Resource usage summary:

    CPU time :                                   48135.70 sec.
    Max Memory :                                 13 GB
    Average Memory :                             10.81 GB
    Total Requested Memory :                     64.00 GB
    Delta Memory :                               51.00 GB
    Max Swap :                                   -
    Max Processes :                              20
    Max Threads :                                106
    Run time :                                   12091 sec.
    Turnaround time :                            12091 sec.

Any idea what's going on?

For reference, I'm in /home/chodera/github/yank-examples/examples/binding/abl-imatinib

jchodera commented 7 years ago

I'm using the May 12 dev build of openmm and the latest masters of openmmtools and yank:

>>> print(simtk.openmm.version.version)
7.2.0.dev-54ac989
andrrizzi commented 7 years ago

The latest openmmtools doesn't have the memory optimizations yet. That PR still needs review, can you try with branch optimizations? The startup was fine when I used that one with FreeSolv.

jchodera commented 7 years ago

Sure, I can give it a try, but it doesn't appear that memory consumption is the limiting factor according to the LSF readouts.

Are you running tests on lilac too?

andrrizzi commented 7 years ago

Both right after creating the alchemically modified system and checking that the storage exists, the code does a lot of deepcopy of the ThermodynamicStates. With the memory optimization the time and memory required to do that should be O(1).
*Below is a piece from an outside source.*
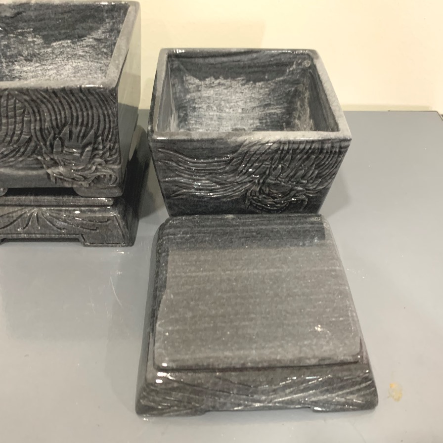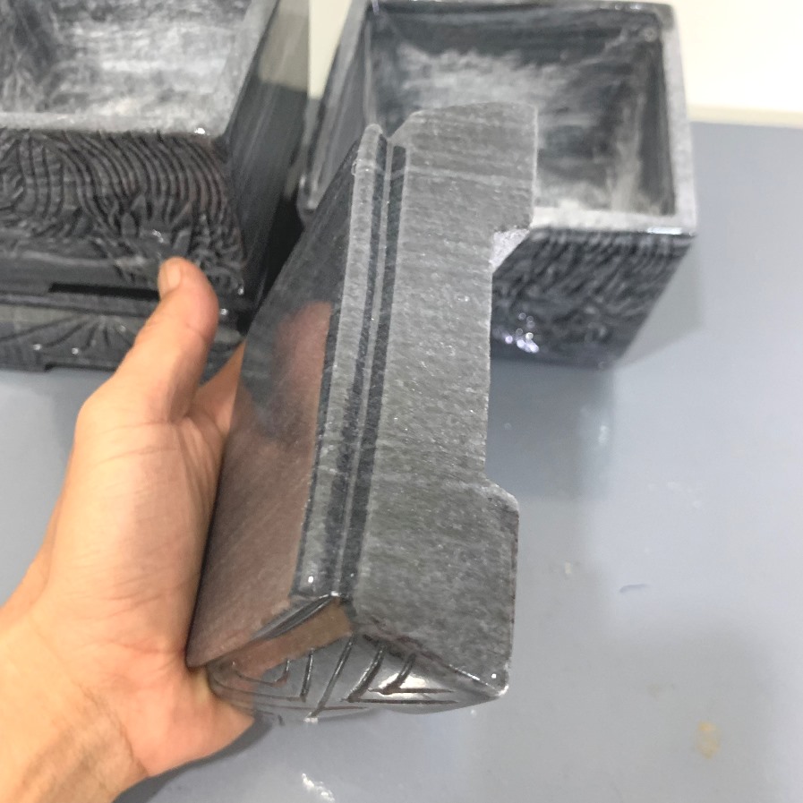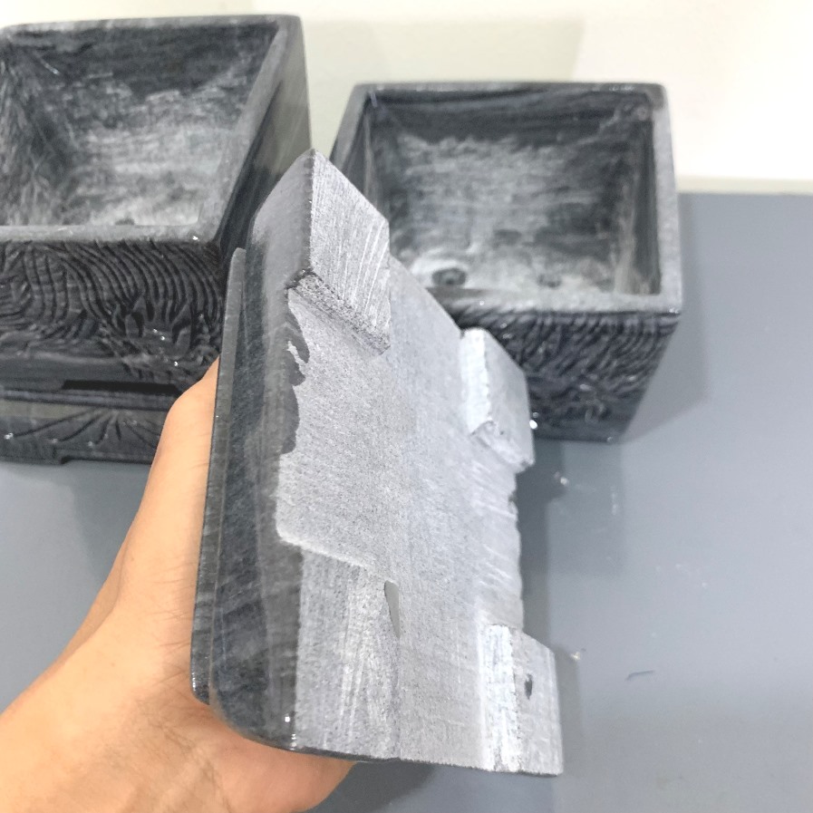 5. Hình ảnh thực tế Chậu đá đen hình vuông có đôn đục tay nguyên khối trồng cây, thả hoa, để bàn làm việc, ban công

andrrizzi commented 7 years ago

I run on hal.

jchodera commented 7 years ago

Ok, will give it a try!

Let's make sure to get you on lilac too. It looks underutilized at the moment.

andrrizzi commented 7 years ago

This should have been largely addressed in #684 . Feel free to reopen if still a problem, or open a new issue for specific idea.